何故か一度も振り返ることをやめようと思い立ち、ただひたすらに公園の入り口を目指すことに決めた。

メインストリートに入ると急に街灯の数が増え、辺りが突然明るくなったように感じたが、依然として周囲に人の気配は無かった。

道のかなり先の方には、駅の建物が黒い夜空に向かって、高くそびえ立っているのが見える。

早足で歩き続ける途中、何度か自分のものではない小さな足音が聞こえたような気がしたが、やはり辺りに人の気配は無かった。

私は安心して歩き続けた。早足とはいえ、中々の距離がある。その後も容易くは入り口まで辿り着かなかったが、それでも私は歩き続け、しばらく経ってから遂に公園の入り口にまで辿り着いた。


そこで、はじめて振り返る。そこに猫の姿は無かった。ー


…驚いたようなおかしいような、形容し難い妙な気持ちで、しばらく茫然としていたが、すぐに当然のような気がしてきた。

振り向いて、歩いてきた道をなるべく遠くまで見渡してみたが、やはり猫の姿は何処にも見当たらなかった。

まばらな街灯に照らされた薄暗い道が、ただ長く延びている。

歩いている途中には急に明るくなったように感じられたその道は、振り返り、改めて全体を眺め渡してみると、驚く程まばらな間隔でしか、そこに街灯が存在していないかのように思われた。

見上げた夜空には、やはり雲一つ見当たらない。

そもそも私の家は歩いて帰るには余りにも遠くにあったために、猫を持って帰ることは到底、不可能に近かった。また万が一連れて帰れたとしても、私の暮らしている集合住宅では動物を飼うことは禁止されていたために、はなからそれが無謀な計画であったことは明らかだった。

私は踵を返し、近くのバス停へと向かって行った。ー


バスを待っている人達のまばらな例に混ざるために、歩く速度を上げる。

停車場の真ん中辺りにある地球儀のオブジェを旋回しながら、準最終を示すライトを灯したバスが、今まさに近づいて来ているのが目に映った。

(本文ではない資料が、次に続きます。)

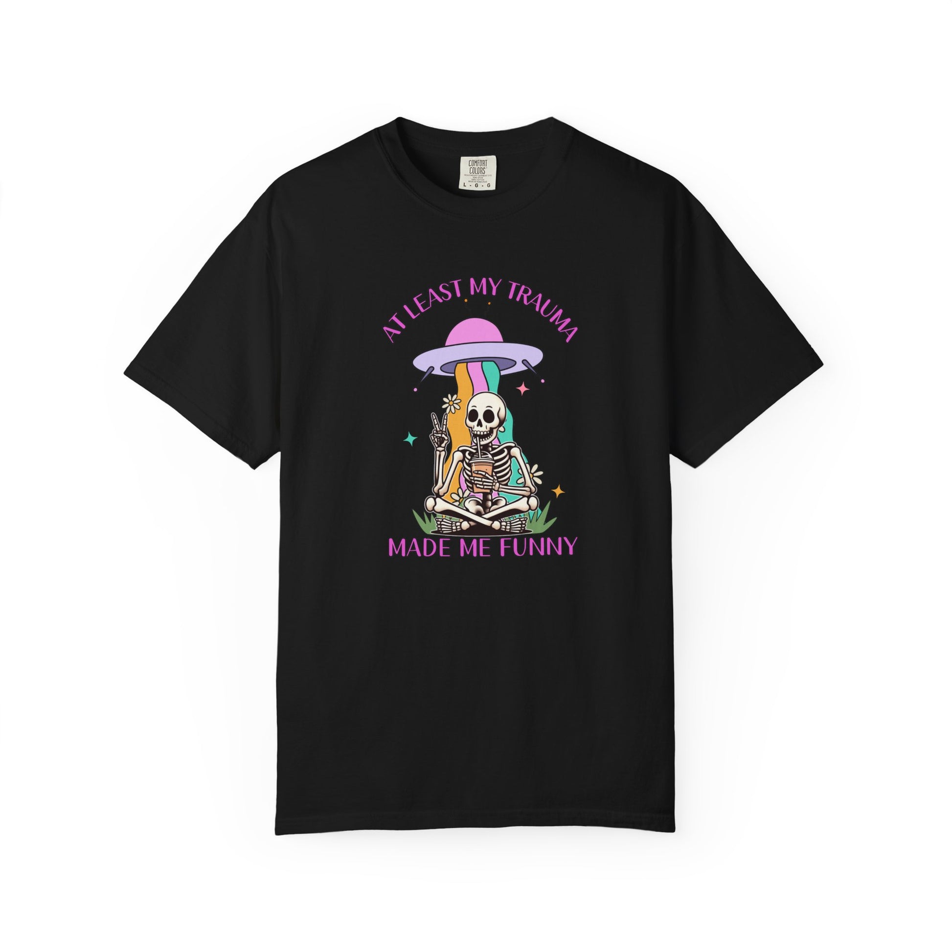 Featuring a peace-sign-throwing skeleton and a rainbow UFO abduction, the At Least My Trauma Made Me Funny tee is for the chronically coping with impeccable comedic timing.
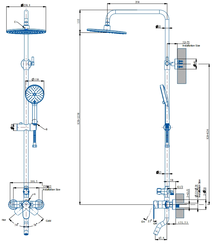 душевая стойка, верхний душ, душевой гарнитур, крепления, гибкая подводка, шланговое подключение, кронштейн для верхнего душа, переключатель потоков, излив, смеситель для ванны с душем

入り口の手前にある噴水の水は、今の時間はもう止められている。近くにあるコンビニの看板が妙に明るい。

三たび雲一つ無い夜空を見上げると、先程半分の顔を覗かせていた仄白い月は、いつの間にか何処かへ消えてしまっていた。

ふと妙な気配を感じて振り返ると、何故かはわからないが反対側にある交番に立っていた警察官と、ぴったり視線が重なったような気がした。

私はバス停に向かい、走り出した。ー


心の中で猫に名前を付けた。

けれどもそれをすぐに忘れてしまうということも、なんとなくその時、わかっていた。